Son tiempos difíciles, muy difíciles. Pero la socialdemocracia, si quiere volver a construir un proyecto español y europeo nuevo y distinto, que sirva a la mayoría, especialmente a las clases más desfavorecidas, debe liderar la unión de la izquierda para responder ideológica, política, social y económicamente a los retos que hoy tienen las sociedades. Porque no es la lucha por el poder entre las distintas formaciones de izquierda, que solo produce división, lo que nos interesa; no se trata de contar votos y escaños para ver quién dirige el Gobierno porque, mientras PSOE y Podemos anden en esa guerra, PP y Ciudadanos, por mucho que se peleen de cara a la galería, en el momento decisivo se unirán (la derecha podrá cambiar de nombre pero nunca se divide) y volverán a las andadas.

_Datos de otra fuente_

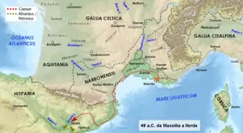 سزار که «از این رفتار موهن به خشم آمده بود» سه لژیون به نزدیکی شهر فرستاد و برج متحرک و وینئاها را بهکار بست تا محاصره شهر را بیاغازد. همزمان در آرل دوازده کشتی جنگی تدارک دید. هنگامیکه این کشتیها در مدّت سی روز تکمیل و مسلح شدند به نزدیکی مارسی فرستاده شده و تحت فرماندهی دکیموس بروتوس قرار گرفتند. سه لژیونی نیز که در خشکی آماده آغاز محاصره بودند تحت هدایت لگاتوسِ وی، گایوس تربونیوس، قرار گرفتند.[97][یادداشت 43] همزمان تصمیم گرفت لگاتوس گایوس فابیوس را با سه لژیون که در ناربون (در نقشه با عنوان Narbo Martius) مستقر بودند را به اسپانیا بفرستد، به وی دستور داد در کوتاهترین زمان ممکن گذرگاههای پیرنه را به اشغال خود درآورد، گذرگاههایی که در تسلط لگاتوسِ پومپیئوس یعنی لوسیوس آفرانیوس بودند. در نهایت دستور داد سه لژیون دیگر که کمی دورتر بودند نیز فابیوس را دنبال کرده و به او برسند. اینچنین بود که فابیوس، چنانکه مأمور شده بود، موفق شد دشمن را از تمامی گذرگاهها بیرون کرده و بهسوی ارتش آفرانیوس پیشروی کند.[98] اندکی بعد، سزار هم بهدنبال گایوس فابیوس در اسپانیا رفت.

Ojalá una y otra izquierda, PSOE y Podemos, tuvieran la humildad de aprender de Portugal: en las elecciones de 2015, el partido conservador ganó porque fue el más votado pero la izquierda (toda la izquierda) puso al frente del Gobierno al socialista António Costa. Como sabemos, en Portugal, igual que aquí, existen diferencias ideológicas entre las distintas formaciones, pero tuvieron la inteligencia, el coraje y la capacidad de unirse para llegar a acuerdos, algo que no ocurrió en su momento en España. Allí no triunfó la derecha rancia como aquí porque el primer objetivo para ellos fue poner en marcha unas políticas progresistas en lugar de pelear por ver quién iba a ser el presidente que es lo que ocurrió aquí.
Pero no olvidemos la gente de a pie que este es un asunto que nos afecta a todos, que va directo al centro de nuestras propias vidas. Si creemos que la situación es injusta y queremos que cambie, hemos de empujar, hemos de participar, no podemos desentendernos porque la política es demasiado importante para dejarla, exclusivamente, en manos de los políticos.